I am a double major in Computer Science and Economics. I went into Brandeis undeclared, but with a wide array of interests. I took a bunch of different courses freshman year, without a particular focus on a major or area of study. I highly recommend that everyone does this, because as human nature and statistics are bound to show you, most people end up changing their major at least once over the course of four years at school. Out of the 800 or so people in my graduating class, more than 400 people came in as pre-med. I think roughly half have changed their majors. (Speculation, I don't know for sure.) Double and triple majors, or multiple minors are commonplace at Brandeis. It is probably because so many of the students are dedicated to their own education, and the quality of the classes here. I decided on my Economics major early in my college career, and was still doing some 'freshman year dabbling' at the beginning of my sophomore year when I took a course in the Computer Science department. Having taken several courses in programming in high school, I had a pretty comfortable background in CoSi. The class I took is one of the 'intro' courses, but it is intense, both in workload and difficulty of material.
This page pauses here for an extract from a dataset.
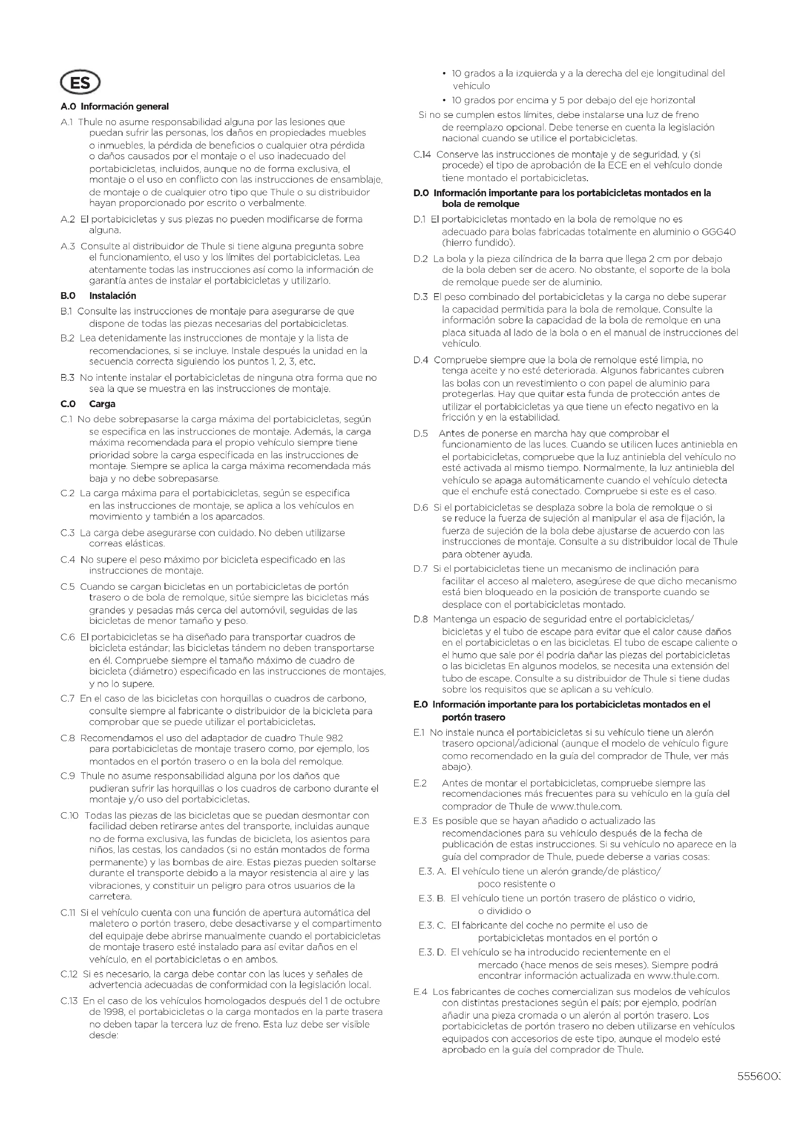 - 10 grados por encima y 5 por debajo del eje horizontal Si no se cumplen estos límites, debe instalarse una luz de freno de reemplazo opcional. Debe tenerse en cuenta la legislación nacional cuando se utilice el portabicicletas. C.14 Conserve las instrucciones de montaje y de seguridad, y (si procede) el tipo de aprobación de la ECE en el vehículo donde tiene montado el portabicicletas. D.0 Información importante para los portabicicletas montados en la bola de remolque D.1 El portabicicletas montado en la bola de remolque no es adecuado para bolas fabricadas totalmente en aluminio o GGG40 (hierro fundido). D.2 La bola y la pieza cilíndrica de la barra que llega 2 cm por debajo de la bola deben ser de acero. No obstante, el soporte de la bola de remolque puede ser de aluminio. D.3 El peso combinado del portabicicletas y la carga no debe superar la capacidad permitida para la bola de remolque. Consulte la información sobre la capacidad de la bola de remolque en una placa situada al lado de la bola o en el manual de instrucciones del vehículo. D.4 Compruebe siempre que la bola de remolque esté limpia, no tenga aceite y no esté deteriorada. Algunos fabricantes cubren las bolas con un revestimiento o con papel de aluminio para protegerlas. Hay que quitar esta funda de protección antes de utilizar el portabicicletas ya que tiene un efecto negativo en la fricción y en la estabilidad. D.5 Antes de ponerse en marcha hay que comprobar el funcionamiento de las luces. Cuando se utilicen luces antiniebla en el portabicicletas, compruebe que la luz antiniebla del vehículo no esté activada al mismo tiempo. Normalmente, la luz antiniebla del vehículo se apaga automáticamente cuando el vehículo detecta que el enchufe está conectado. Compruebe si este es el caso. D.6 Si el portabicicletas se desplaza sobre la bola de remolque o si se reduce la fuerza de sujeción al manipular el asa de fijación, la fuerza de sujeción de la bola debe ajustarse de acuerdo con las instrucciones de montaje. Consulte a su distribuidor local de Thule para obtener ayuda. D.7 Si el portabicicletas tiene un mecanismo de inclinación para facilitar el acceso al maletero, asegúrese de que dicho mecanismo está bien bloqueado en la posición de transporte cuando se desplace con el portabicicletas montado. D.8 Mantenga un espacio de seguridad entre el portabicicletas/ bicicletas y el tubo de escape para evitar que el calor cause daños en el portabicicletas o en las bicicletas. El tubo de escape caliente o el humo que sale por él podría dañar las piezas del portabicicletas o las bicicletas En algunos modelos, se necesita una extensión del tubo de escape. Consulte a su distribuidor de Thule si tiene dudas sobre los requisitos que se aplican a su vehículo. E.0 Información importante para los portabicicletas montados en el portón trasero E.1 No instale nunca el portabicicletas si su vehículo tiene un alerón trasero opcional/adicional (aunque el modelo de vehículo figure como recomendado en la guía del comprador de Thule, ver más abajo). E.2 Antes de montar el portabicicletas, compruebe siempre las recomendaciones más frecuentes para su vehículo en la guía del comprador de Thule de www.thule.com. E.3 Es posible que se hayan añadido o actualizado las recomendaciones para su vehículo después de la fecha de publicación de estas instrucciones. Si su vehículo no aparece en la guía del comprador de Thule, puede deberse a varias cosas: E.3. A. El vehículo tiene un alerón grande/de plástico/ poco resistente o E.3. B. El vehículo tiene un portón trasero de plástico o vidrio, odividido o E.3. C. El fabricante del coche no permite el uso de portabicicletas montados en el portón o E.3. D. El vehículo se ha introducido recientemente en el mercado (hace menos de seis meses). Siempre podrá encontrar información actualizada en www.thule.com. E.4 Los fabricantes de coches comercializan sus modelos de vehículos con distintas prestaciones según el país; por ejemplo, podrían añadir una pieza cromada o un alerón al portón trasero. Los portabicicletas de portón trasero no deben utilizarse en vehículos equipados con accesorios de este tipo, aunque el modelo esté aprobado en la guía del comprador de Thule.6 5560032001 E.5 Thule no asume responsabilidad alguna por los daños o pérdidas causados por la falta de información o la existencia de datos no actualizados en la guía del comprador de Thule como resultado de las diferencias regionales en las prestaciones de los vehículos. E.6 Tenga en cuenta que si se instala un portabicicletas de portón trasero quizás no se pueda utilizar el limpiaparabrisas del portón. Habrá que desactivar la función de limpiaparabrisas (por ejemplo, quitando el fusible; compruebe el manual de instrucciones delvehículo) o quitar el limpiaparabrisas. En los vehículos con funcionamiento automático del limpiaparabrisas trasero, hay que desconectar esta función cuando se instale un portabicicletas de portón trasero. Consulte al concesionario o al taller para obtener ayuda. E.7 Limpie siempre la superficie y los bordes del portón trasero antes de montar el portabicicletas de portón trasero. E.8 Debido al riesgo existente de dañar el vehículo, no está permitida la apertura del maletero si el portabicicletas de portón trasero está montando con las bicicletas. Antes de abrir el maletero, debe haberse descargado el portabicicletas. F.0 Normativas y características de conducción F.1 Compruebe con regularidad las sujeciones de la carga. F.2 El conductor del vehículo es el único responsable de comprobar que el portabicicletas está en buen estado y que tanto el portabicicletas como la carga están debidamente sujetos (aunque lo haya montado una tercera persona). F.3 Cada vez que utilice el portabicicletas, compruebe que está bien sujeto tras conducir una distancia corta (50 km) y a intervalos periódicos a partir de entonces. Si nota algún ruido fuera de lo norm

I thought the professor was engaging, smart and he really taught the material well. The very personal nature of the CoSi department is probably what made me decide to stick with the major. The quality of the education I have received at Brandeis is top-notch, and after talking with students who are majoring in similar fields at other schools, I can say that Brandeis is right up there with the Ivies in terms of the resources it offers and the professors it staffs.
Our student body, I've found, has its own flavor. We aren't incredibly diverse, with at least 50% of the school being some kind of Jewish, and a strong draw for middle and upper-middle class white folks. But the administration has definitely taken notice at the mostly creamy complexion of our student body and has been actively trying to diversify over the past few years. (Reportedly, the class of 2011 is the first year to be less than 50% Jewish - though this might just be a rumor. And I don't know how easy this is to verify.) A majority of the student body is from the Boston, New York, New Jersey area, but we still have people from all over the country. We also get a good amount of international students, the top contributor being Paris. The administration also tries to get as many urban students as it can, with several scholarships and a transitional year program geared towards students who haven't had access to the best resources during secondary education. These students tend to become solid groups due to their constant interaction through scholarship and TYP events, but they are also well-integrated members of the student body and take part in clubs and social events with everyone else. Brandeis also has a 'mid-year' acceptance program where students are matriculated halfway through their freshman year. (Beginning of spring semester). It's slightly awkward when an entire dorm's-worth of freshmen appear after winter break. The mid-years have a separate orientation, a separate dorm and because they are a semester behind, usually take all of their introductory courses together. Breaking into/out of the mid-year social groups can be tricky. I have a bunch of friends who are mid-years, but I still haven't met a majority of the mid-years from my year just because they tend to stick together. It's nice to see new faces, though, and it means that new people are coming to Brandeis every semester. Brandeis' political scene is a mix of liberals, moderate liberals, and moderate conservatives. But really, what do you expect from a small liberal arts college in the Northeast?
The Best Things
Solid academics and great people.
The Worst Things
The campus is always under construction.